Data excerpts
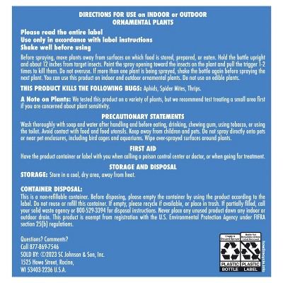 DIRECTIONS FOR USE: Give the bottle a good shake before using. Before spraying, move plants away from surfaces on which food is stored, prepared, or eaten. Hold the bottle upright and about 12 inches away from target insects. Point the spray opening toward the insects on the plant and pull the trigger 1-2 times to kill them. Do not overuse. If more than one plant is being sprayed, shake the bottle again before spraying the next plant. You can use this product on indoor and outdoor ornamental plants. Do not use on edible plants. fWash hands thoroughly with soap and water after handling and before eating, drinking, chewing gum, using tobacco, or using the toilet. Avoid contact with food and food utensils. WARNINGS: PRECAUTIONARY STATEMENTSWash thoroughly with soap and water after handling and beforeeating, drinking, chewing gum, using tobacco, or using the toilet.Avoid contact with food and food utensils.INGREDIENTS: Active Cedarwood Oil 4.0%, Sodium Lauryl Sulfate 0.15%, other ingredients 95.85%, Total 100%. Highlights: Bug spray for plants that effectively eliminates garden pests without harming plants; kills bugs like aphids, spider mites and thrips Family friendly garden and house plant bug spray that s safe for use around people and pets (when used as directed) Water-based STEM insecticide that uses a botanical extract derived from cedarwood to effectively kill bugs that feed on ornamental garden and house plants Entomologist-tested insect spray for plants, featuring a fresh scent and containing no added dye or harsh chemical odors Rooted in Nature, Optimized by Science Specifications: Weight: .9 Pounds Product Warning: Wash hands with soap and water after handling, wash hands with soap and water before handling, do not ingest Indoor/Outdoor: Indoor, Outdoor Treats and/or Prevents Against: Spider Mites, Thrips, Aphids Formulation: Kills Pests Product Form: Liquid Active Ingredient(s): Cedarwood Oil 4% , Sodium Lauryl Sulfate .15% Package Quantity: 1 Application Type: Pump Spray
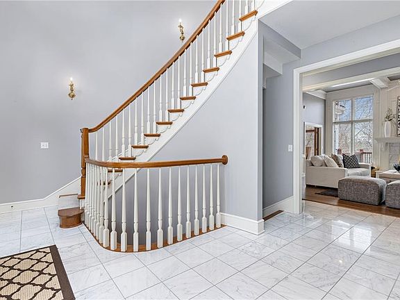 The main level features a grand entry w/ curved staircase, soaring ceilings, & marble floors. The beautiful oversized living room w/ hardwood floors, box beam ceiling & fireplace make it a perfect spot for cozying up.
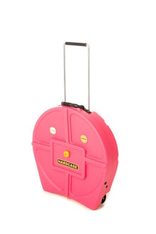 Pinkki pyörillä ja vetokahvalla varustettu symbaalikotelo, joka on suunniteltu yhdeksälle symbaalille (maks....
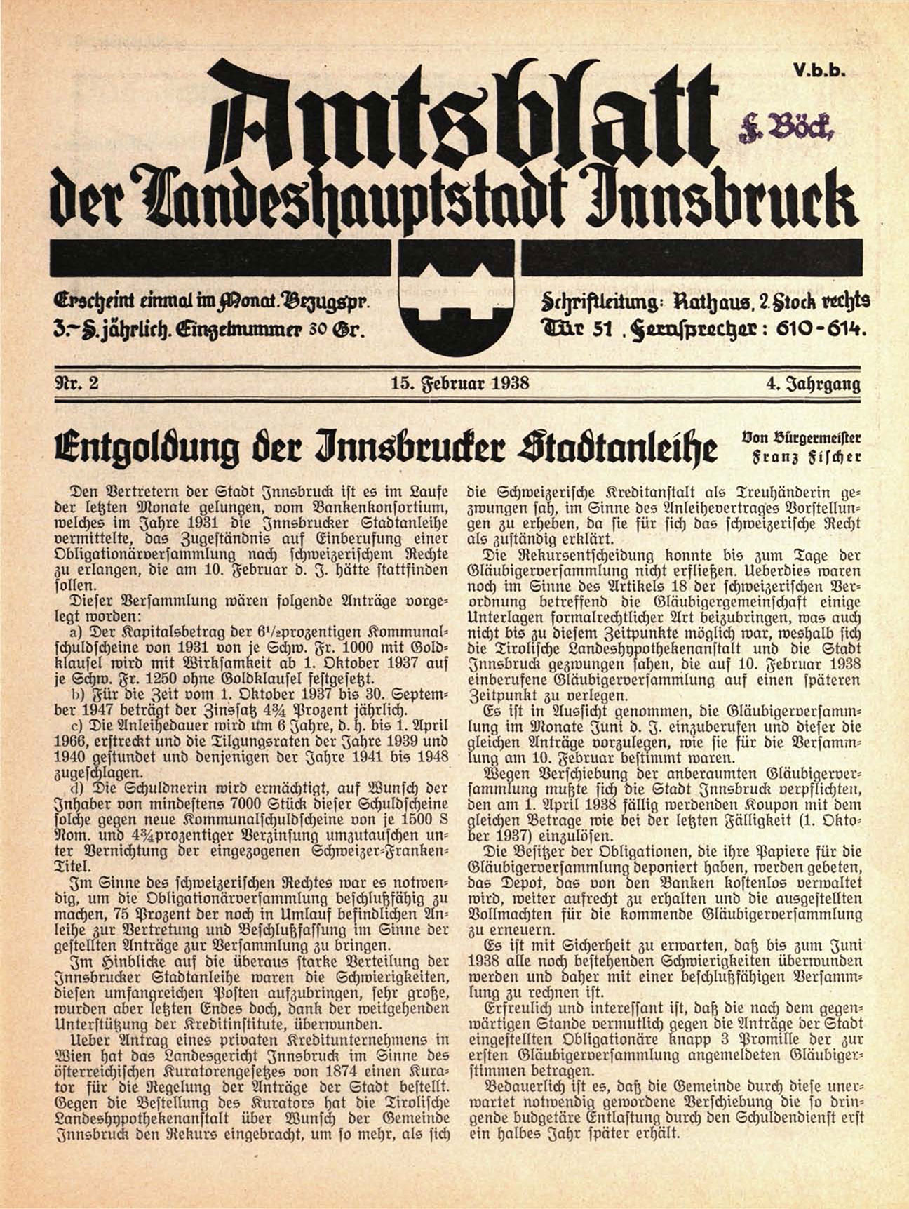 Innsbrucker Stadtanleihe waren die Schwierigkeiten,
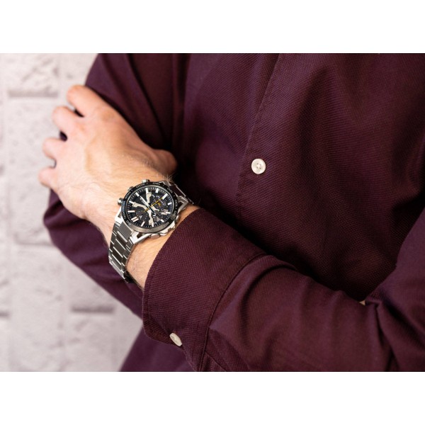 Casio Edifice EQB-2000DB-1AERсучасний годинник на браслеті. Натхненням для проекту стала надзвичайно міцна конструкція підвісок для гоночних автомобілів. Конверт, оздоблений спеціальними дужками, надає всій конструкції легкості. Крім бездоганного зовнішнього вигляду, Casio EQB-2000DB-1A наповнений низкою корисних функцій. Сонячна технологія , вбудований Bluetooth і стійке до подряпин сапфірове скло для захисту циферблата – усе це розміщено у тонкому корпусі . Щоб легко керувати налаштуваннями світового часу, будильника або секундоміра, просто натисніть програми на своєму смартфоні. Водонепроникність K100M дозволяє плавати з годинником на руці, не турбуючись про затоплення. Однак пам’ятайте, що не можна використовувати кнопки під водою. Модель EQB 2000DB була створена з використанням компонентів найвищої якості, а її дизайн надає годиннику справжній дух автоспорту.

Your assignment
Copy every record above exactly, leaving out the pictures.

Task response
 DIRECTIONS FOR USE: Give the bottle a good shake before using. Before spraying, move plants away from surfaces on which food is stored, prepared, or eaten. Hold the bottle upright and about 12 inches away from target insects. Point the spray opening toward the insects on the plant and pull the trigger 1-2 times to kill them. Do not overuse. If more than one plant is being sprayed, shake the bottle again before spraying the next plant. You can use this product on indoor and outdoor ornamental plants. Do not use on edible plants. fWash hands thoroughly with soap and water after handling and before eating, drinking, chewing gum, using tobacco, or using the toilet. Avoid contact with food and food utensils. WARNINGS: PRECAUTIONARY STATEMENTSWash thoroughly with soap and water after handling and beforeeating, drinking, chewing gum, using tobacco, or using the toilet.Avoid contact with food and food utensils.INGREDIENTS: Active Cedarwood Oil 4.0%, Sodium Lauryl Sulfate 0.15%, other ingredients 95.85%, Total 100%. Highlights: Bug spray for plants that effectively eliminates garden pests without harming plants; kills bugs like aphids, spider mites and thrips Family friendly garden and house plant bug spray that s safe for use around people and pets (when used as directed) Water-based STEM insecticide that uses a botanical extract derived from cedarwood to effectively kill bugs that feed on ornamental garden and house plants Entomologist-tested insect spray for plants, featuring a fresh scent and containing no added dye or harsh chemical odors Rooted in Nature, Optimized by Science Specifications: Weight: .9 Pounds Product Warning: Wash hands with soap and water after handling, wash hands with soap and water before handling, do not ingest Indoor/Outdoor: Indoor, Outdoor Treats and/or Prevents Against: Spider Mites, Thrips, Aphids Formulation: Kills Pests Product Form: Liquid Active Ingredient(s): Cedarwood Oil 4% , Sodium Lauryl Sulfate .15% Package Quantity: 1 Application Type: Pump Spray
 The main level features a grand entry w/ curved staircase, soaring ceilings, & marble floors. The beautiful oversized living room w/ hardwood floors, box beam ceiling & fireplace make it a perfect spot for cozying up.
 Pinkki pyörillä ja vetokahvalla varustettu symbaalikotelo, joka on suunniteltu yhdeksälle symbaalille (maks....
 Innsbrucker Stadtanleihe waren die Schwierigkeiten,
 Casio Edifice EQB-2000DB-1AERсучасний годинник на браслеті. Натхненням для проекту стала надзвичайно міцна конструкція підвісок для гоночних автомобілів. Конверт, оздоблений спеціальними дужками, надає всій конструкції легкості. Крім бездоганного зовнішнього вигляду, Casio EQB-2000DB-1A наповнений низкою корисних функцій. Сонячна технологія , вбудований Bluetooth і стійке до подряпин сапфірове скло для захисту циферблата – усе це розміщено у тонкому корпусі . Щоб легко керувати налаштуваннями світового часу, будильника або секундоміра, просто натисніть програми на своєму смартфоні. Водонепроникність K100M дозволяє плавати з годинником на руці, не турбуючись про затоплення. Однак пам’ятайте, що не можна використовувати кнопки під водою. Модель EQB 2000DB була створена з використанням компонентів найвищої якості, а її дизайн надає годиннику справжній дух автоспорту.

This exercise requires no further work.